Solid organ transplant is a life-saving surgery that offers renewed hope to children living with severe chronic illnesses such as advanced kidney disease, heart disease and liver disease. However, transplant is a very intense procedure that can also take a mental toll on patients and their families – the effects of which have been vastly understudied.
With the aim of addressing this knowledge gap, a team of researchers at BC Children’s Hospital conducted mental health assessments of pediatric patients following a solid organ transplant (kidney, heart or liver). Their work yielded novel insights into the relationships between transplant and depression, anxiety and post-traumatic stress symptoms. The findings, published February 2022 in Pediatric Transplantation, explore ways to better support pediatric transplant patients and their families.
“Kids receiving a transplant, they really have survived a lot in their young lives, and many of them have accumulated repeated traumatic exposures related to their previous medical experiences,” explains Dr. Tom Blydt-Hansen, researcher and director of the multi-organ transplant program at BC Children’s, who was involved in the study. “These are kids that have had bloodwork done on a monthly basis, other tests and procedures to manage organ failure, and some of them have been very unwell.”
Goal is earlier intervention
Dr. Blydt-Hansen’s team, which included researcher and psychologist Dr. Erika Penner, was interested in identifying the factors that contribute to improved quality of life among some of their patients, in the hopes of implementing earlier interventions. They have conducted several studies over the years, including a series evaluating quality of life that showed post-traumatic stress symptoms were highly linked to lower quality of life.
In their more recent study, they conducted mental health assessments of 56 patients between the ages of seven and 20 who received a solid organ transplant, as well as surveys of their family members.
The results show that a small percent of children in the study exhibited clinical signs of depression, at five per cent.

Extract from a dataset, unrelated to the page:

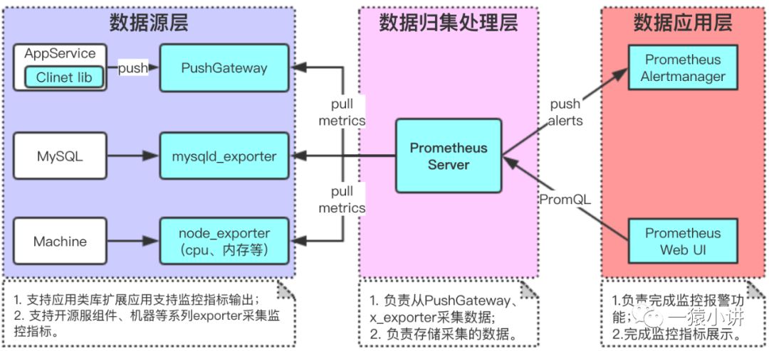 如上图所示,我简单把 Prometheus 的生态划分为数据源、数据归集处理、数据应用三大层。

However, a substantially larger portion of patients exhibited symptoms of post-traumatic stress after their transplant, almost one in four, and girls were particularly likely to score higher in terms of these symptoms.
Children with transplants reported lower quality of life
Dr. Blydt-Hansen notes the prevalence of depression was lower than what one might expect. “On the flip side, post-traumatic stress symptoms were more common than what we honestly would have predicted. And those symptoms are probably present in parents and siblings as well.”
Importantly, even patients who only exhibited a few symptoms of post-traumatic stress and didn’t meet the clinical threshold of diagnosis still tended to report lower quality of life scores. Dr. Blydt-Hansen says his team plans to further investigate the underlying risk factors for post-traumatic stress in a subsequent study with funding from the Canadian Donation and Transplantation Research Program and the Transplant Research Foundation of BC. The goal is to ultimately offer patients better and more timely mental health interventions and improve outcomes.
“The key is trying to get children with transplants access to mental health services not just when they’re in crisis, but as early as possible in the process to prevent them from experiencing a crisis in the first place,” says Dr. Blydt-Hansen.